Downpours, high winds and stormy seas are set to blight the holiday plans of thousands of UK tourists heading to Spain in the coming days. Popular destinations from the Canary islands to mainland Spain and the Balearics have all been hit by the adverse conditions in recent days. ..
Expats resident in Benidorm on the Costa Brava said the prolonged period of rain and winds is the worst for more than 20 years, while Majorca has also been hit by bead weather including snow flurries on high ground. But the good news is conditions are predicted to begin improving in the coming days as a mass influx of British visitors arrives for the Easter period.
A polar front will arrive in the region on Friday with a risk of snow down to 700 meters. The Aemet weather forecast agency stated: “April will begin with unpleasant winter weather: cold, snow, wind and rough seas.”
Minimum temperatures will range between 4C-14C –well shy of the usual values from the high teens C in the mainland and Balearics to the low 20s C in the Canary Islands.
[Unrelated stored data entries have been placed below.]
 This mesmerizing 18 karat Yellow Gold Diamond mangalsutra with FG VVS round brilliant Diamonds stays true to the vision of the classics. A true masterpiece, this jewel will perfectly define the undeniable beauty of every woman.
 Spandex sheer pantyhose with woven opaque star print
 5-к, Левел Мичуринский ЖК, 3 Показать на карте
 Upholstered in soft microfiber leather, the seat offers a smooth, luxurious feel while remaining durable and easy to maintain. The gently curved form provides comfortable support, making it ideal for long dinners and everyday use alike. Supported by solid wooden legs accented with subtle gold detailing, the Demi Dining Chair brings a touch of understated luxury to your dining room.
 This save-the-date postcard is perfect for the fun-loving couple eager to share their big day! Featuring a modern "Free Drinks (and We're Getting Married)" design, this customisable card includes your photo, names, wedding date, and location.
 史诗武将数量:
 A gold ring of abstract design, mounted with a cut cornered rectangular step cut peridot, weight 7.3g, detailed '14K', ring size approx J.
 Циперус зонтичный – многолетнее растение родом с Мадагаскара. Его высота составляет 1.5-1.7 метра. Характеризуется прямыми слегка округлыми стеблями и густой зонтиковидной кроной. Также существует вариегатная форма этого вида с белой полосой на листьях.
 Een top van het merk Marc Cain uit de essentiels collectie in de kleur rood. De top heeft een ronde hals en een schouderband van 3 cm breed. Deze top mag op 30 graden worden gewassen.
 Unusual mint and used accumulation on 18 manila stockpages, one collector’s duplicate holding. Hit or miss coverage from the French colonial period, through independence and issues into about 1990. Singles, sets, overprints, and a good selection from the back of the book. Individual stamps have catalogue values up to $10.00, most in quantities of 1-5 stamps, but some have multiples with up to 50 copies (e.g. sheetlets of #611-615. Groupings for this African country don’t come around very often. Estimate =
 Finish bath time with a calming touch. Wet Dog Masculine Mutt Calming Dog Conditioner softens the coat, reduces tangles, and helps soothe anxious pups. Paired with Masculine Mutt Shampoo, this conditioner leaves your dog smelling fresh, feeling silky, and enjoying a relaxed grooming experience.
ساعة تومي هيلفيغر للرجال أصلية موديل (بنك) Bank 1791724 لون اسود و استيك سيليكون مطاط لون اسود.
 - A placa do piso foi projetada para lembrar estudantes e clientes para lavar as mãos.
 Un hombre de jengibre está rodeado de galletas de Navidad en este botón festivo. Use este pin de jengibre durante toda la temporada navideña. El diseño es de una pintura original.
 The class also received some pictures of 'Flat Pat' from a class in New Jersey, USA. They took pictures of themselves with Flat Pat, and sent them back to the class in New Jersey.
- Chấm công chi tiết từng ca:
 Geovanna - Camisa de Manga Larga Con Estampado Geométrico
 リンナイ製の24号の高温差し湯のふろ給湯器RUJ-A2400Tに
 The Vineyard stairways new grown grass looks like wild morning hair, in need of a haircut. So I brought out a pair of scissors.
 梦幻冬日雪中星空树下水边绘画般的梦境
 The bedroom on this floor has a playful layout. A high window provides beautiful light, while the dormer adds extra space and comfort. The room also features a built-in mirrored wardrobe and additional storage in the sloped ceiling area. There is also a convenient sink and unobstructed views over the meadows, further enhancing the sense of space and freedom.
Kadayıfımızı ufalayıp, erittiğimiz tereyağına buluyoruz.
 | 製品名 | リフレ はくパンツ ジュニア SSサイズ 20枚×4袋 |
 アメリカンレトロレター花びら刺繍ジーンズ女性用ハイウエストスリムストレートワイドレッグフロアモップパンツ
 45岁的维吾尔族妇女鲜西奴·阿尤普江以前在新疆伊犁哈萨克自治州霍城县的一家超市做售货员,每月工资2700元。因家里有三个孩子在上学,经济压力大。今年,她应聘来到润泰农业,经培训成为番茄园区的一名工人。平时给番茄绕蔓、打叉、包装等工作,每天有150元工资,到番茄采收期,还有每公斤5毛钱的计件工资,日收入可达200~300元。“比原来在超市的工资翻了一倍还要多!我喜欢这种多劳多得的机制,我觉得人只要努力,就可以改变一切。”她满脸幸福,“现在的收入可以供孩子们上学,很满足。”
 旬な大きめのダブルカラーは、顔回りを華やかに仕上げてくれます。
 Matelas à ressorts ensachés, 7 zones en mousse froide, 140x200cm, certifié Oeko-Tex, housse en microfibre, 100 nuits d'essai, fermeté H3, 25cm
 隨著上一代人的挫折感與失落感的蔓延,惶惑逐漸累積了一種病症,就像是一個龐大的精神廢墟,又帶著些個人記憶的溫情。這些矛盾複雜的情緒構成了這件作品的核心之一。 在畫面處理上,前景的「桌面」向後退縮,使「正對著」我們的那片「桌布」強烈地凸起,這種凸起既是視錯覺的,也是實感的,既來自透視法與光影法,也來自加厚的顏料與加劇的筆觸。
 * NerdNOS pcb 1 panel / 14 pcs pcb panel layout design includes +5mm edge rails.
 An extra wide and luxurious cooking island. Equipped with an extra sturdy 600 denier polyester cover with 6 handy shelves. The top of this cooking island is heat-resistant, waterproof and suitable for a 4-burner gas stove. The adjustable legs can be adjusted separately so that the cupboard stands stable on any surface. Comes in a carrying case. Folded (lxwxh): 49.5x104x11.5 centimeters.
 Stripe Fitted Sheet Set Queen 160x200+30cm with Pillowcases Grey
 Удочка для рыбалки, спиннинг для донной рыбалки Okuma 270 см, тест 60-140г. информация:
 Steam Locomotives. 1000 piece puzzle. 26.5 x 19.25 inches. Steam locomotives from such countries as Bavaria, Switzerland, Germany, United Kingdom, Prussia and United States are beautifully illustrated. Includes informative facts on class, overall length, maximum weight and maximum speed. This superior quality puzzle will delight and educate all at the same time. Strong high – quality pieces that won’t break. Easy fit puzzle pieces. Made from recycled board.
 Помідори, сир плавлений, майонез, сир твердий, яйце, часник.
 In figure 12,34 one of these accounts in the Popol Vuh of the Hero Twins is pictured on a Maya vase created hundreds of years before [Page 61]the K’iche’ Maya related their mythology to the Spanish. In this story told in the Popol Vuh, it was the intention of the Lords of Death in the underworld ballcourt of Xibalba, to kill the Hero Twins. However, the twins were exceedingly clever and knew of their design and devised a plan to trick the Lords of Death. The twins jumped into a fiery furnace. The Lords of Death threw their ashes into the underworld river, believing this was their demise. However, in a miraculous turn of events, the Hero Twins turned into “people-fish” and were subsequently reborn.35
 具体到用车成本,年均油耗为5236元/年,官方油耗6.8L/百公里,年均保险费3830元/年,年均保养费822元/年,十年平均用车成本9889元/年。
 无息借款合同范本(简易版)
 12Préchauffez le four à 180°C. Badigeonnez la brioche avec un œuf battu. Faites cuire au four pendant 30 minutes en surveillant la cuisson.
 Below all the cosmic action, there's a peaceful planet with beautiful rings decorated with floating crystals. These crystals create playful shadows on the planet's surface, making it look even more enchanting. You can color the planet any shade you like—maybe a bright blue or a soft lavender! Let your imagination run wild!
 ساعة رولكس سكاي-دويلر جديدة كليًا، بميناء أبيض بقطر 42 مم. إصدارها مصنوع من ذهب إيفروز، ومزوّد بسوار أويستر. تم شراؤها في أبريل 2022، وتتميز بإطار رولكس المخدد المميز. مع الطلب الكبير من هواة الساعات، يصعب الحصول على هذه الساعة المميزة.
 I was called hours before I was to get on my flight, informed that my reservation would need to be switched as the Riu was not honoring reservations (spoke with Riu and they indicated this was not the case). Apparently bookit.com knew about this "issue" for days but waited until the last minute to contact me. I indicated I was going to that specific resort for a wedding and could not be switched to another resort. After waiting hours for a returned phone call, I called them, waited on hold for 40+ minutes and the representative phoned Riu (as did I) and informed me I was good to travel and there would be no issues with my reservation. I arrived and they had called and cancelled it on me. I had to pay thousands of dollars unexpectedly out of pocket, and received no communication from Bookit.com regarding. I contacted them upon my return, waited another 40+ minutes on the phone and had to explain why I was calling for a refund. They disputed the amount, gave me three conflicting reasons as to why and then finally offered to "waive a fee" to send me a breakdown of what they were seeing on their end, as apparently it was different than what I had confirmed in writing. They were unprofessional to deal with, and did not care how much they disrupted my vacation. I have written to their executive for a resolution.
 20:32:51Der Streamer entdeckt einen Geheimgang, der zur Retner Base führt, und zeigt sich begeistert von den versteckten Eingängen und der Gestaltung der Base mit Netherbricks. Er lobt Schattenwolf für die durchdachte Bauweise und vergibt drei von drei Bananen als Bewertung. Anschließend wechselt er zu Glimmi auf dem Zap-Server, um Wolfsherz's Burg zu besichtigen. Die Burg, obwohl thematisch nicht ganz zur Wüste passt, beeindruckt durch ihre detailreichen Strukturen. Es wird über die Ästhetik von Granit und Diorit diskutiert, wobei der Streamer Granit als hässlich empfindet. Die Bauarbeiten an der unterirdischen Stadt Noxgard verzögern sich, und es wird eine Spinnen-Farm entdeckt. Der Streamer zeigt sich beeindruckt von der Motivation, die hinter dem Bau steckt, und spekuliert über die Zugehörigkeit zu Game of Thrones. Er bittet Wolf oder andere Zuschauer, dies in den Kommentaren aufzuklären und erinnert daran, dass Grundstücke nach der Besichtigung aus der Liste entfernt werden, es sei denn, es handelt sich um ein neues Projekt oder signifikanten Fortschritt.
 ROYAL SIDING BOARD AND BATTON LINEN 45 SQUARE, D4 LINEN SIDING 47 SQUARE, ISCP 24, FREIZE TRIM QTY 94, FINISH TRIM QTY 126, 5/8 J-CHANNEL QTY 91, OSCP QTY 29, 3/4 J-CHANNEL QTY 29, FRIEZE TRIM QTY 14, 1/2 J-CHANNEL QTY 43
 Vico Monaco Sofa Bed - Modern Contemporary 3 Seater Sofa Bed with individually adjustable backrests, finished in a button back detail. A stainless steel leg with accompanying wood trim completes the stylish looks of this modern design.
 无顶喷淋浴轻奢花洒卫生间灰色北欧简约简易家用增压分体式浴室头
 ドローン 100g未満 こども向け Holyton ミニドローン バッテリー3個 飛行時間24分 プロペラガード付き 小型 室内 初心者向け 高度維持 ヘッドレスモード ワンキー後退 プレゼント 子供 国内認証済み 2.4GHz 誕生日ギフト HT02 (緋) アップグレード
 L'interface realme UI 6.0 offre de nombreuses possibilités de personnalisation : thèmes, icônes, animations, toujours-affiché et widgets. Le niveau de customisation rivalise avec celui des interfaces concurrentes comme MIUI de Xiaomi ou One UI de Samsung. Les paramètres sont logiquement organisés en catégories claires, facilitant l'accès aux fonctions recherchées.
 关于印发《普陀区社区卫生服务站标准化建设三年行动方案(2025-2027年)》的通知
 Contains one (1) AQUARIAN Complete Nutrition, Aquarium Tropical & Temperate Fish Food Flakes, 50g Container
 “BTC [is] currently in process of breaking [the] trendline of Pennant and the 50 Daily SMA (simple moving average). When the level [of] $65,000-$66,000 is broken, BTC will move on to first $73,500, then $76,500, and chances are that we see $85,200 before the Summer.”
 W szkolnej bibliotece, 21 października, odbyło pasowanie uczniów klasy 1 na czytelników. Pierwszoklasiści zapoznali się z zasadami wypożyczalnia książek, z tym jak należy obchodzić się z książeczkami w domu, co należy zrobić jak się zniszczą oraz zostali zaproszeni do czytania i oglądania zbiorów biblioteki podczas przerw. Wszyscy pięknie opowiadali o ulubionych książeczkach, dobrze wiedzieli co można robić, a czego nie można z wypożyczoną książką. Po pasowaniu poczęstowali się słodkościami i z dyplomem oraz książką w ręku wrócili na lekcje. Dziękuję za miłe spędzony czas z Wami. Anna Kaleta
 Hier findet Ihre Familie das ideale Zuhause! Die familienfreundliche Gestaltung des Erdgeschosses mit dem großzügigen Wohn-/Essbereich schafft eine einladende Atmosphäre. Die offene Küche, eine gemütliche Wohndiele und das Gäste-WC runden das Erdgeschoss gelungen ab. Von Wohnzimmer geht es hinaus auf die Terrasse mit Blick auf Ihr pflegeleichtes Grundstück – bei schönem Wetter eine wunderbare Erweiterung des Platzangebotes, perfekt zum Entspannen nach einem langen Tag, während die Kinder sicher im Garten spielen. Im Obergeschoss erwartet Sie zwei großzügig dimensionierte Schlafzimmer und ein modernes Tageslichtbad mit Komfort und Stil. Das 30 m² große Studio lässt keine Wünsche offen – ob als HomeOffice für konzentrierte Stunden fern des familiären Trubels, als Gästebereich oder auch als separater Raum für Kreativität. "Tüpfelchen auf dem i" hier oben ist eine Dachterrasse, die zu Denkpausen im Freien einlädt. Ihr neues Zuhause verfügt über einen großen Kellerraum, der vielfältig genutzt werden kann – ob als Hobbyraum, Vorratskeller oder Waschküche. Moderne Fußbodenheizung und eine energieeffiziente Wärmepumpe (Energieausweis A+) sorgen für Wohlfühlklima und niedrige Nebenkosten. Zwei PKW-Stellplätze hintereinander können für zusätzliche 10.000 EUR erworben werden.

However, there is confidence that the sun will return in time for a bumper Easter period.
The April break is set to be the first major holiday season in Spain since the pandemic was declared more than two years ago. Hoteliers in Benidorm have expressed “confidence” after reporting positive booking figures for the upcoming season.
Many hotels are expected to reopen in the resort in time for the spring period, which is likely to be busy. There is similar optimism in the Balearics and Canaries.
However, some hotels are still reeling from a trucking strike which led to shortages of essential items, including building supplies to complete refurbishment schemes. Supermarkets are also rationing some essential items with shelves bare in some regions.
Many of the shortages have been blamed on the ongoing lorry drivers’ strike over soaring diesel prices, which began on March 14 and has restricted supplies of milk, flour, rice and other basic goods. ..
Meanwhile, Spain has extended its entry rules for UK arrivals until the end of April which means that visitors from the UK, who must either be fully vaccinated or have a valid recovery certificate. All over 18s must be fully vaccinated and can only enter within 270 days of their second jab, or if they have had a booster.
British teenagers aged between 12-17 can enter Spain if they are unvaccinated but will need a negative PCR test from the last 72 hours. Anyone traveling to Spain, regardless of vaccination status, will also be required to fill out a pre-travel form and obtain a QR code to allow entry to the country.